July 22, 2017
Last Updated 07/30/2017
The other night I was playing a tabletop game called "Machi Koro". The concept of the game is similar to Settlers of Catan™, where your dice roll determines whether or not you get resources. In Machi Koro, your only resource is your money, but you can buy properties that generate money on certain roll values, as well as properties that can take money away from others when they make certain rolls.
Initially, the only decision players make in the game is what property to buy, if any. Later in the game, though, players can choose to roll one or two dice, reroll their dice, or, in rare cases, steal coins directly from another player or swap one of their buildings with an opponent's.
In the end, the only thing that matters for victory is that you build four special buildings, three of which being very expensive.
After I played the game, I wondered if I could make an AI that could play the game effectively. The board state is known to all players all the time, and there aren't too many variables to keep track of. The following day, I built a simulator integrated with Keras, a neural network library for Python, in order to see how effectively I could train the AI to play the game. (The source code can be found here).

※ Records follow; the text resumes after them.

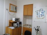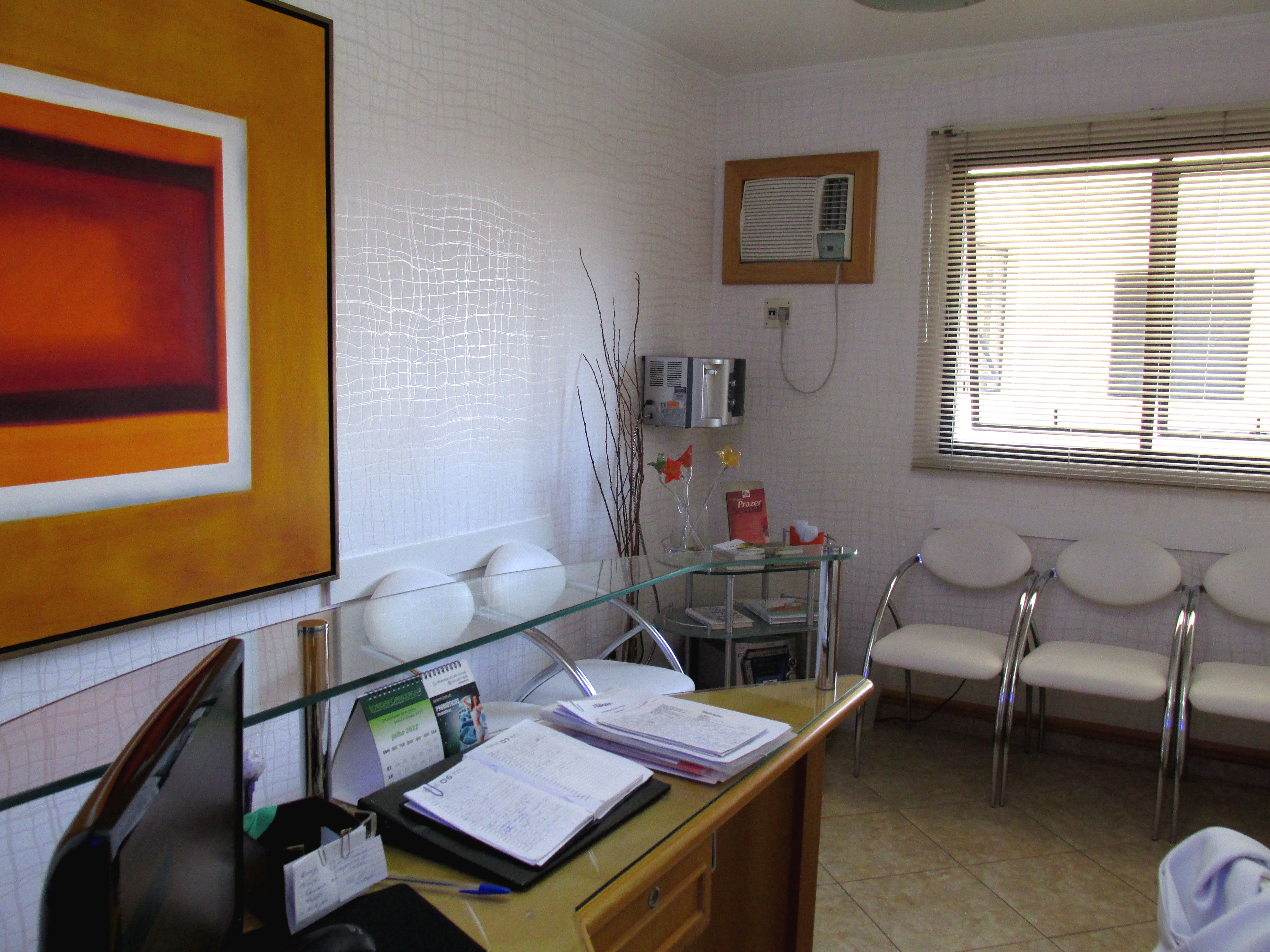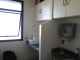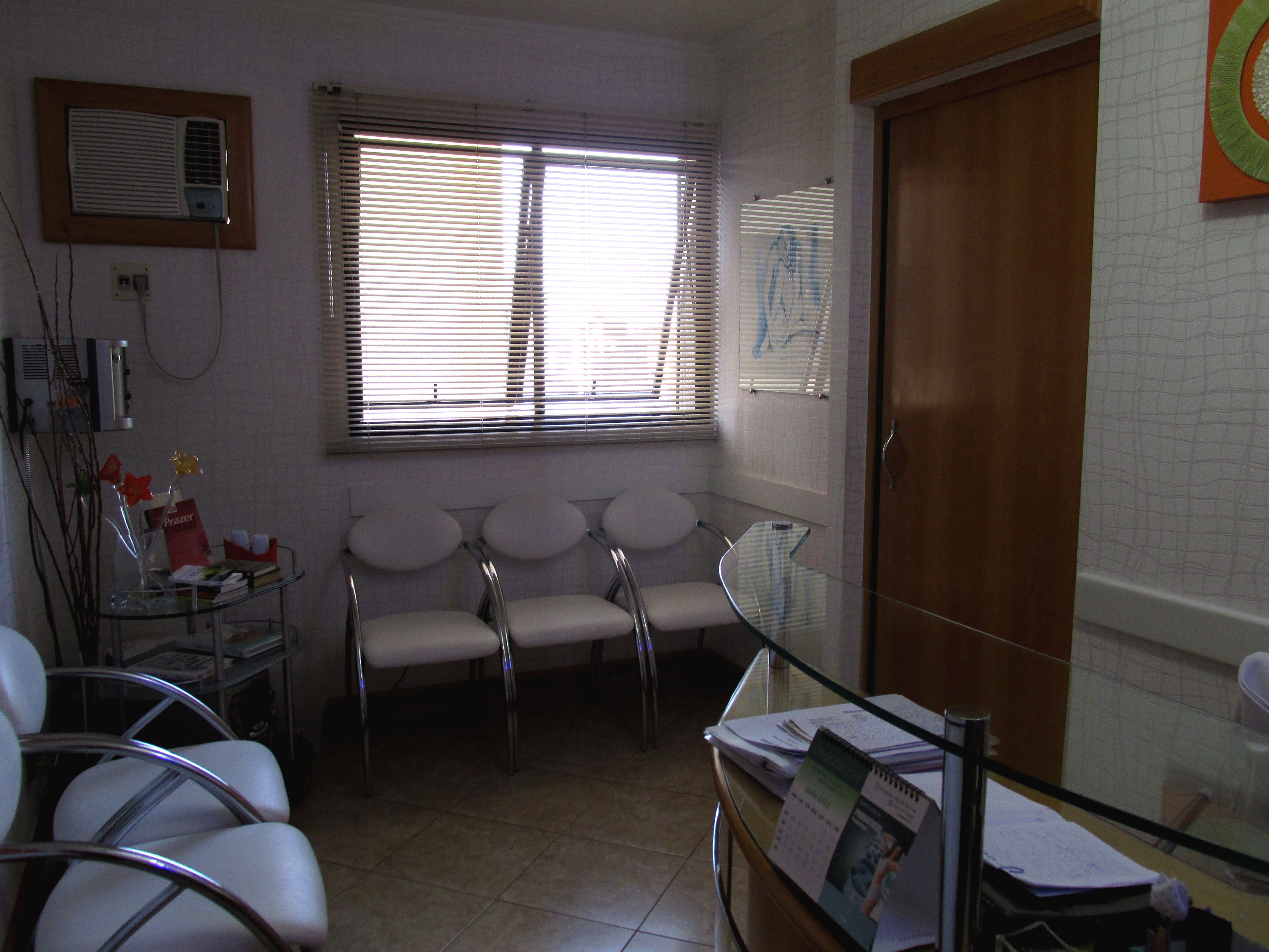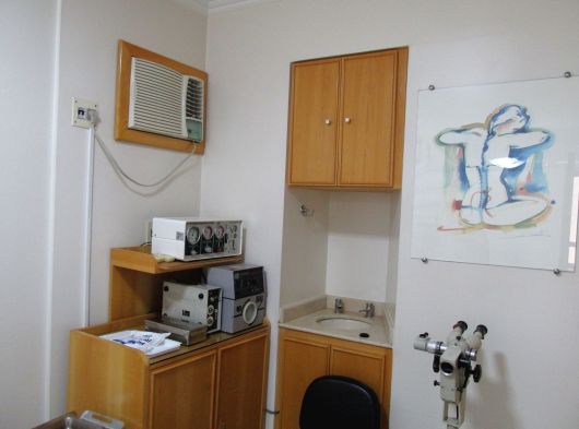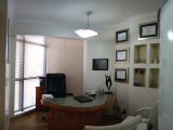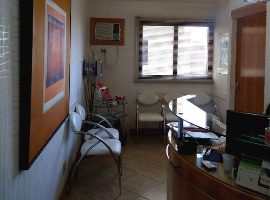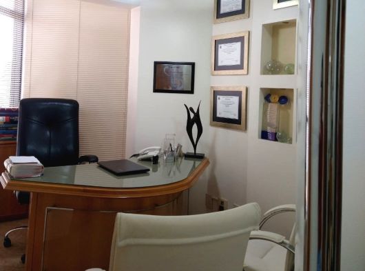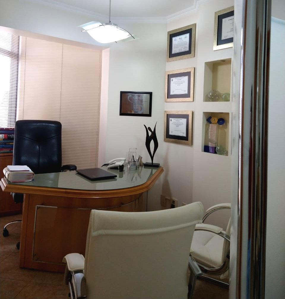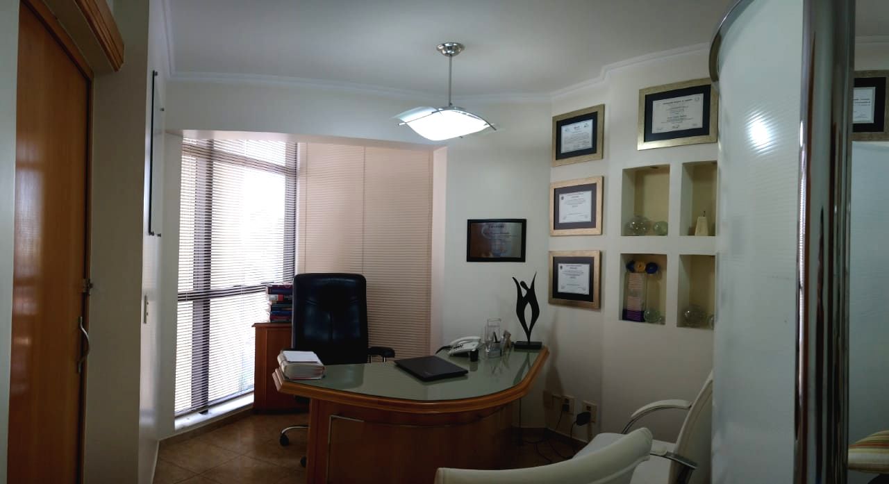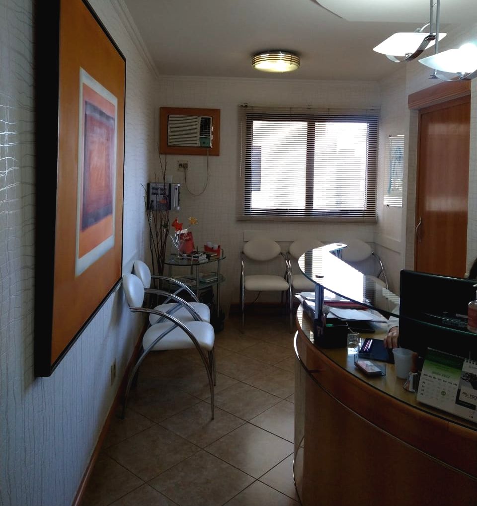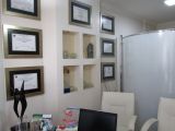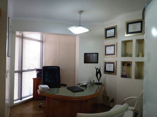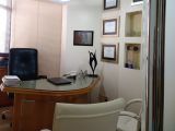 Conjunto de salas – móveis de marfim – divisórias com gesso duplo acartonado – decoração em gesso no teto e nas paredes, c/ nichos para peças decorativas – recepção c/ ar condicionado, papel de parede estofado em relevo e rodapés em porcelanato marfim – sala c/ ar condicionado, divisória semicircular criada por arquiteto, arms. embutidos e pia c/ mármore e louças de alta qualidade – WC c/ pia c/ mármore e louças de alta qualidade – piso em porcelanato – lustres estilizados selecionados por arquiteto.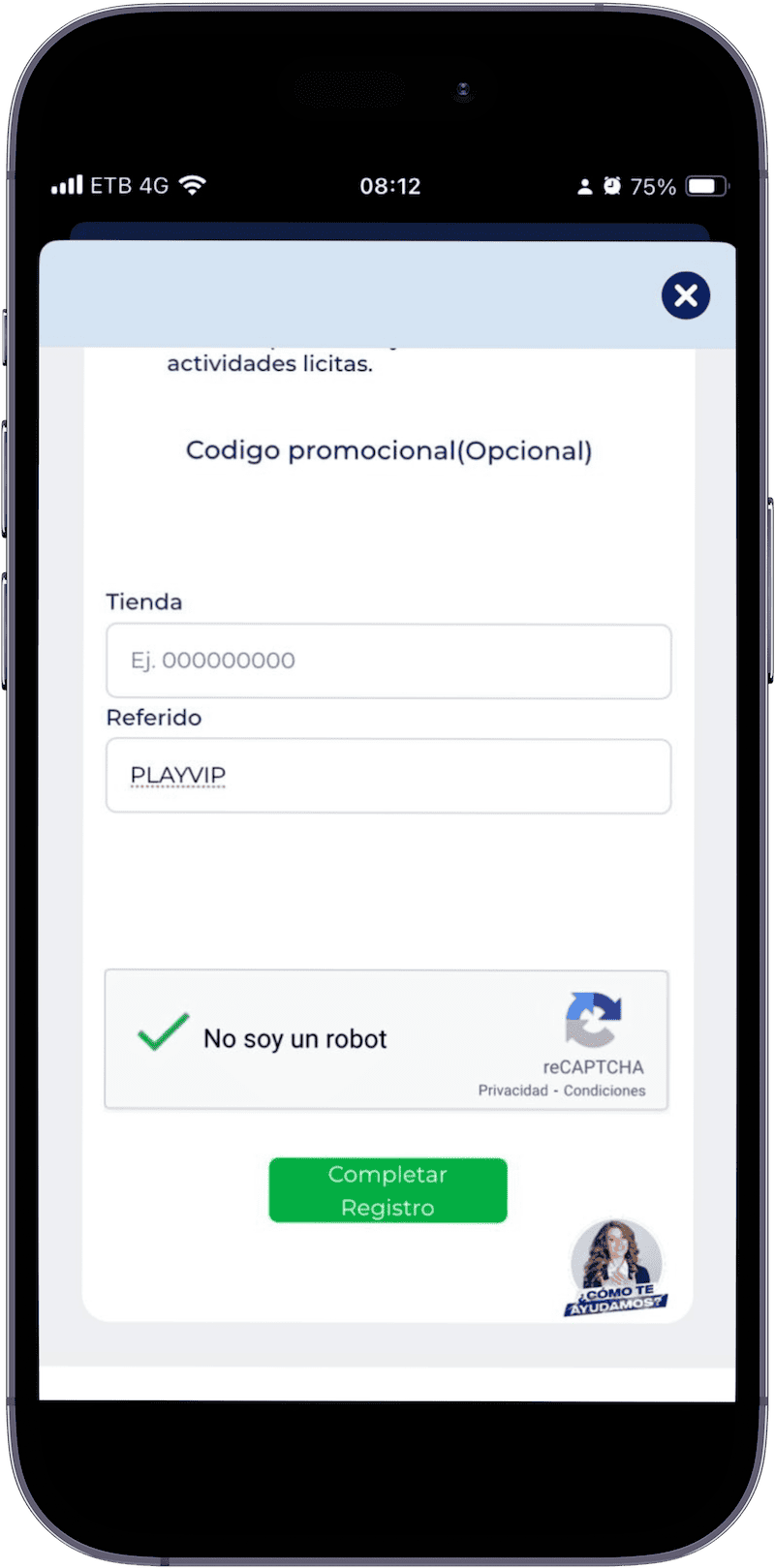 En la parte final del formulario, no olvides ingresar nuestro código promocional Betplay PLAYVIP. Este paso es importante para acceder al bono de bienvenida y promociones exclusivas.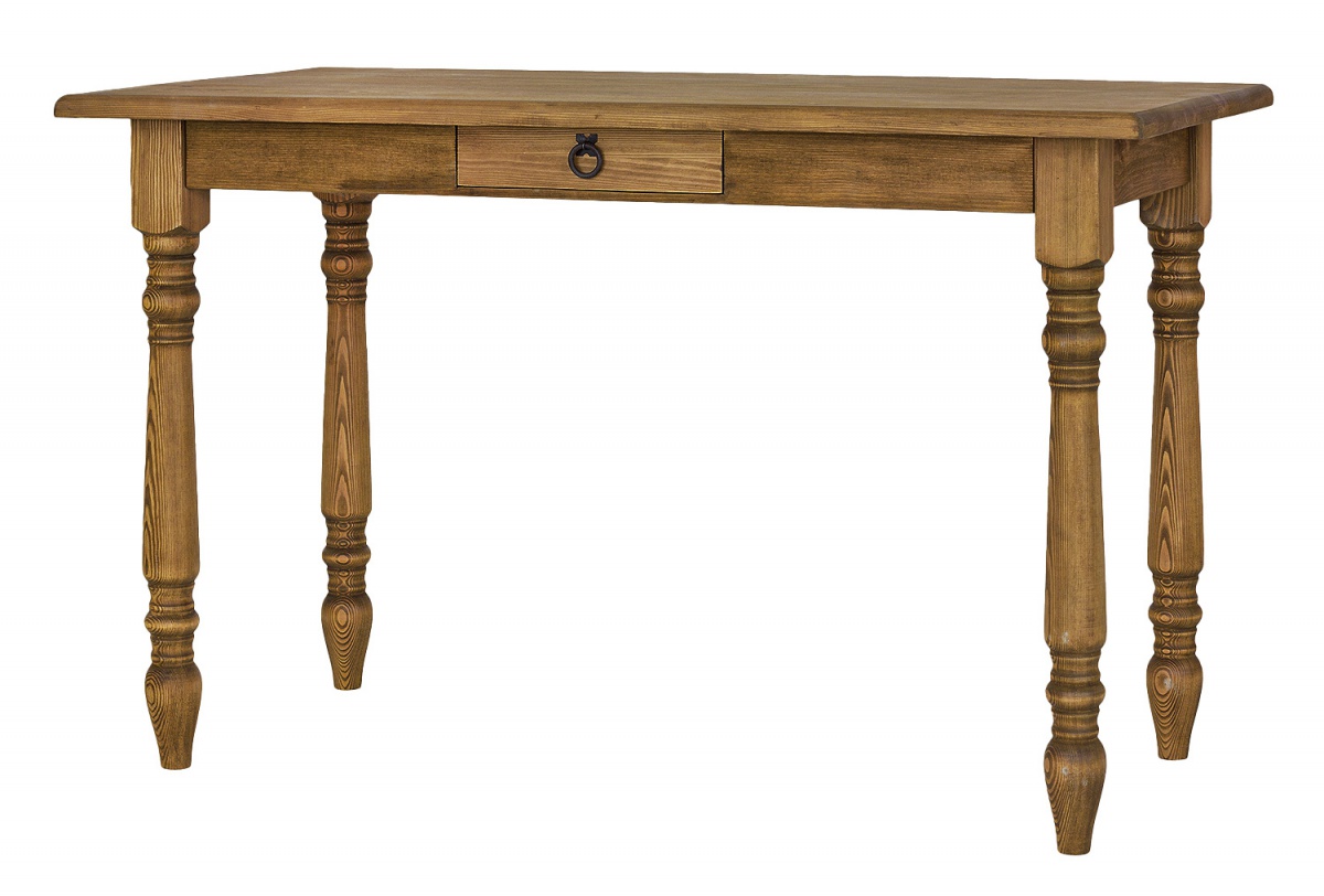 Pevný masívny borovicový stôl má odolnú a spoľahlivú konštrukciu. Skladá sa zo silných nôh, ktoré sú jemne zdobené a zvádzajú k pohladeniu. O tento stôl sa skrátka môžete oprieť!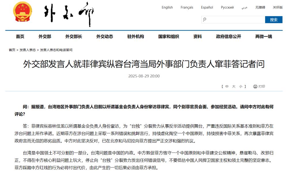 8月29日消息,外交部發言人就菲律賓縱容臺灣當局外事部門負責人竄菲答記者問。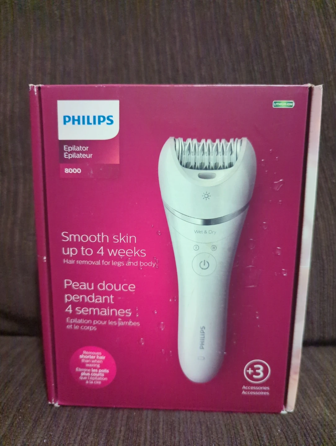 Brand: Philips Female Grooming Colour: White Power source: Battery Powered Item weight: 26.5 Grams Water resistance level: Not Water Resistant Voltage: 15 Volts Gentle epilation for smooth skin up to 4 weeks Extra wide epilator head.Voltage:15V / 5.4W Delicate area cap to remove unwanted hairs Optimal contact cap for maximum comfort Cordless wet and dry for use in bath or shower 1 Philips Series 8000 epilator; delicate area cap; optimal contact cap; storage pouch; cleaning brush.
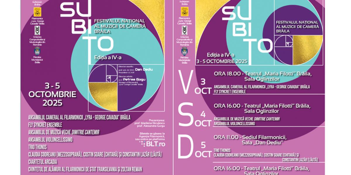 „SUBITO - neașteptatul, revelația, clipa de grație în care muzica devine miracol și lasă în noi o altă lumină. Acesta este spiritul pe care îl aduce la Brăila, între 3 și 5 octombrie 2025, cea de-a patra ediție a Festivalului Național al Muzicii de Cameră SUBITO, un eveniment organizat de Filarmonica „Lyra - George Cavadia”, cu sprijinul Consiliului Județean Brăila, al Primăriei Municipiului Brăila și al Uniunii Compozitorilor și Muzicologilor din România”, precizează prof. Alexandra Gurgu, secretar muzical al Filarmonicii „Lyra - George Cavadia” Brăila.

The training process is as follows:
One of the major results I noticed is that the average number of turns went from 110 (26.5 per player) when the AI made random decisions, to an average of 61 turns (15.25 per player) when I more or less fully trained the network. That is reasonably fast for a game. Below is a histogram of the number of turns over 1,000 simulated games.
Compare this to an untrained network's number of turns:
Additionally, the best first move is, apparently, to purchase a ranch, which produces one coin when anyone rolls a 2. This isn't too surprising, as it is one of the cheapest buildings, and later in the game it increases the amount of coins another property, cheese factories, produces.
There is a starting bias in terms of win probability, at least for the strategies adopted by the neural network. In particular, the first two players to take their turn have a significant advantage over the other two players, as can be seen in the figure below:
It is also interesting to look to see what buildings the winning AI built, on average, as well as what the differences between the winner and losers (on average) were:
Out of curiosity, I also ran the AI versus three untrained AI. Over 1,000 games, the trained AI won 985 of them, or 98.5%. The trained AI decided to focus more heavily on cafes, money-stealing establishments, when facing untrained AI than when it faced its well-trained equals.
I have a Jupyter notebook with some example of the code being run here: https://github.com/mcandocia/machi_ai/blob/master/exploration_post_modulation.ipynb
The numbers for each of theinputs to the five networks are between 400 and 900. Most of those were recording the game state, which included a unique variable for each possible count an opponent could have of a particular building, as well as a discrete-valued variable for each opponent's number of coins. For each player, the state of the game was recorded as their current board state, followed by the board state of the next player and so on.
The current architecture that seems to be successful is a set of 512-256-128 ReLU-activated layers, with a tiny amount of dropout between them. The output is a simple 2-class softmax, representing winning or losing the game.